Il est temps d'être fatigué © Pixabay

En cette fin d'année scolaire, les corps apparaissent souvent fatigués. Les navetteurs de l'aube plongent dans une douce torpeur, avant de bondir dans le flot qui les amènera au bureau pour boucler un maximum de dossiers avant l'été. Sur le visage des étudiants ou de leurs benjamins écoliers, quelques cernes marquent l'effort fourni pour une dernière ligne droite avant les bulletins et autres résultats de session. Les deux mois d'été seraient-ils annonciateurs d'une libération ?

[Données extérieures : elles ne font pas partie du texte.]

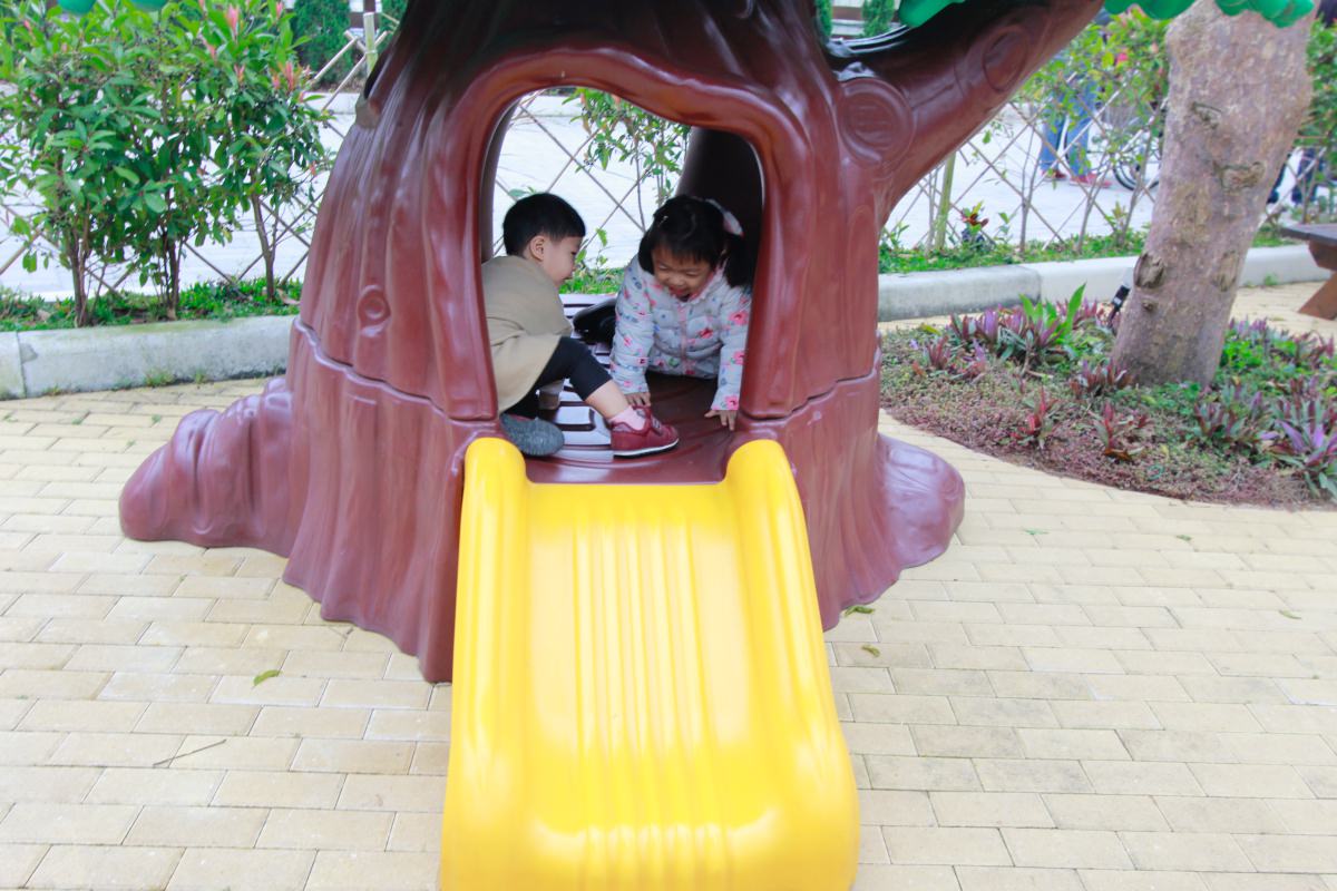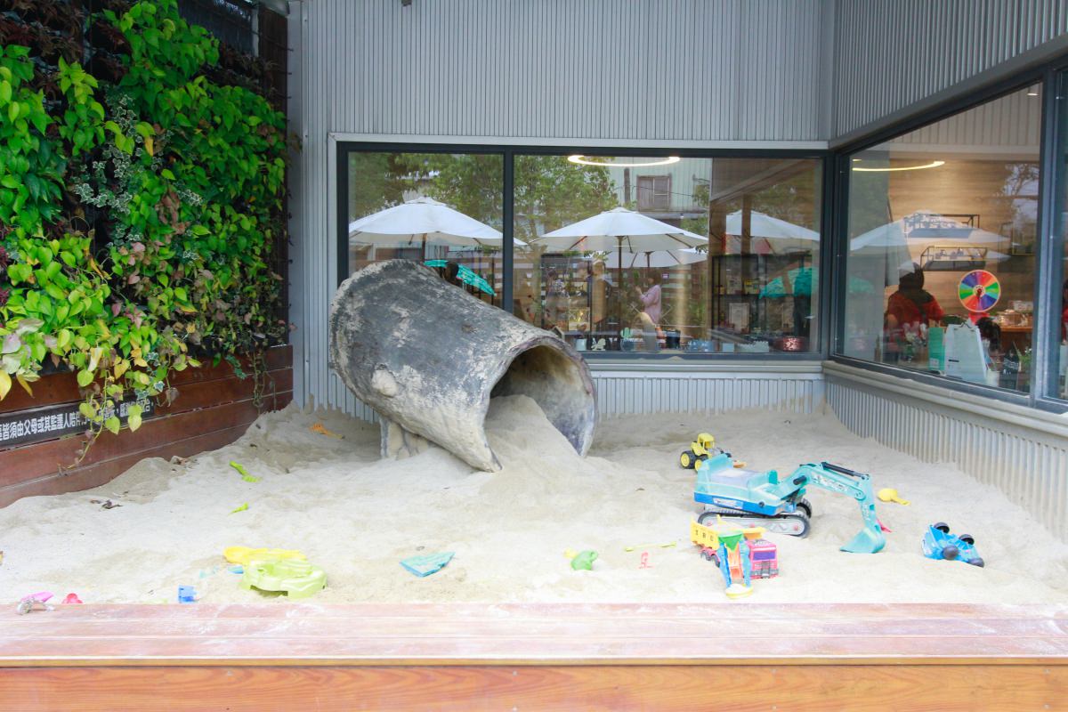 另外在這裡用餐時,你會發現很多是爸媽帶著小孩來,因為這裡有育兒界相當知名的沙坑可以玩,聽說小孩只要來到沙坑都會瘋狂愛上。老闆娘在這裡也相當用心,放了許多沙坑可以使用的玩具與大家分享,旁邊也有水龍頭可以洗濯,讓大家玩得盡興,不用擔心沙粒弄髒車子。在沙坑旁邊還有一個超級迷你的溜滑梯,原本對它不抱什麼期待,沒想到阿福竟然玩得很開心,看來它對付2歲小孩還是OK的啦!

Peut-être avec les congés, certains se sentiront libérés d'une cadence folle. Mais d'autres fidèles au rythme soutenu de notre temps, iront vers de nouvelles urgences. Celles des travaux reportés l'année, faute de temps. Celles des visites à mener pour rentabiliser un maximum les jours de congé. Celles des embarquements et débarquements sur un tempo guidé par la rentabilité maximale des voyagistes. Celles de la course aux soldes pour être au top de la mode à prix modérés.

La fatigue nous protège

"Dieu et les anges ne se fatiguent jamais. Mais ils n'ont pas un corps d'homme", raconte joliment Jean Van Hemelrijck, psychologue et psychothérapeute, sur les ondes de La Première (1). "La fatigue, on la critique, on la stigmatise. Or elle est quelque chose de tout à fait naturel, rappelle le chroniqueur. Avoir un corps d'homme, c'est avoir un corps qui se fatigue, qui s'use, qui produit des sensations qui nous indiquent qu'il faut se reposer". Car la fatigue nous protège. L'impression de lourdeur qu'elle nous envoie vient comme un signal. Il est alors judicieux de prendre la mesure de ce que nous sommes en train de faire. Il est peut-être aussi temps de nous mettre à l'abri, au repos. Et cela n'a rien d'un raisonnement de tire-au-flanc (ceux-ci, remarquons-le, ne représenteraient que 3% des travailleurs) ! Cela ne relève pas non plus du prétexte pour paresseux, comme tendraient à nous le faire penser quelques ministres soucieux de l'activation maximale de leurs gouvernés. La fatigue invite au contraire à s'inscrire dans une temporalité où les choses s'écoulent plus harmonieusement.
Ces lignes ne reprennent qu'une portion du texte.